● **Given material**:
════════════════════

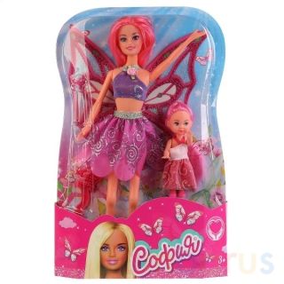 Куклы одеты в блестящие наряды. За спиной у Софии блестящие розовые крылья, как у бабочки. У обеих кукол длинные розовые волосы. Им можно сделать много красивых причёсок.
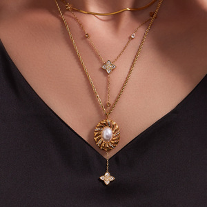 鑫艺鑫不锈钢四叶花Y字流苏锁骨链镀18k金精致仿珍珠叠戴项链组合
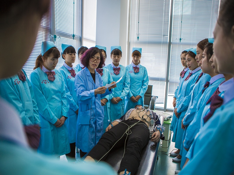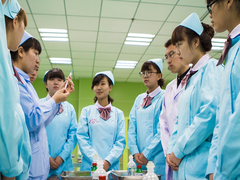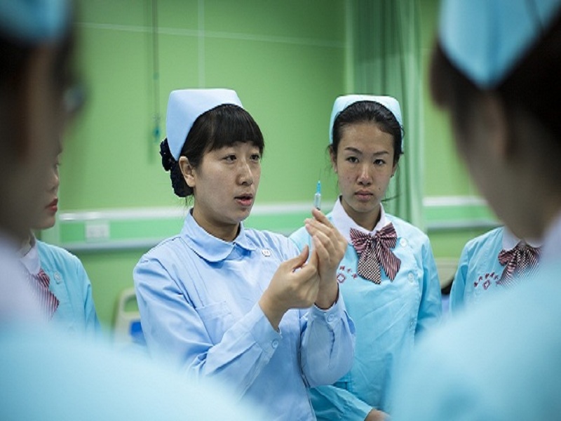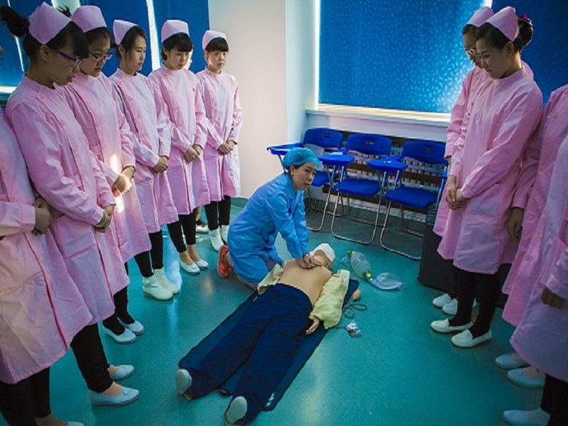 医疗护理教师对学生进行实训指导
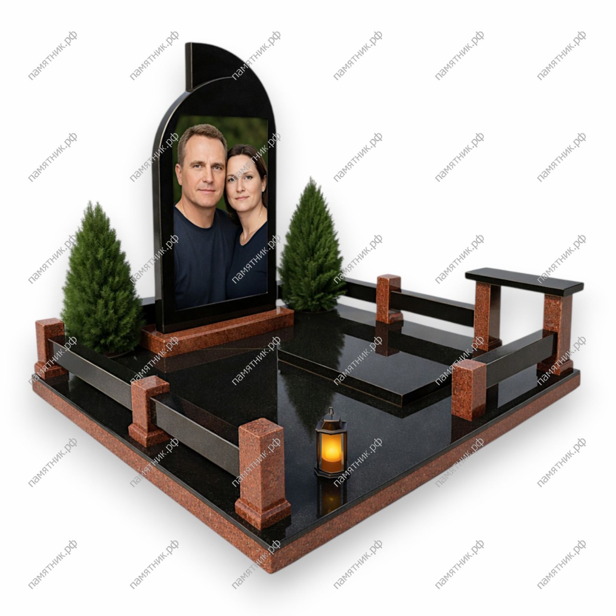 Современный и элегантный комплекс с высокой стелой арочной формы, в которую интегрирован масштабный цветной портрет. Основание выполнено из строгого черного гранита и обрамлено стильной оградой, где черные перемычки гармонично сочетаются с массивными столбиками из красно-коричневого гранита.

════════════════════

● **Work to complete**: Once more, give the listing above exactly, leaving each picture out.

● **Your solution**:
 Куклы одеты в блестящие наряды. За спиной у Софии блестящие розовые крылья, как у бабочки. У обеих кукол длинные розовые волосы. Им можно сделать много красивых причёсок.
 鑫艺鑫不锈钢四叶花Y字流苏锁骨链镀18k金精致仿珍珠叠戴项链组合
 医疗护理教师对学生进行实训指导
 Современный и элегантный комплекс с высокой стелой арочной формы, в которую интегрирован масштабный цветной портрет. Основание выполнено из строгого черного гранита и обрамлено стильной оградой, где черные перемычки гармонично сочетаются с массивными столбиками из красно-коричневого гранита.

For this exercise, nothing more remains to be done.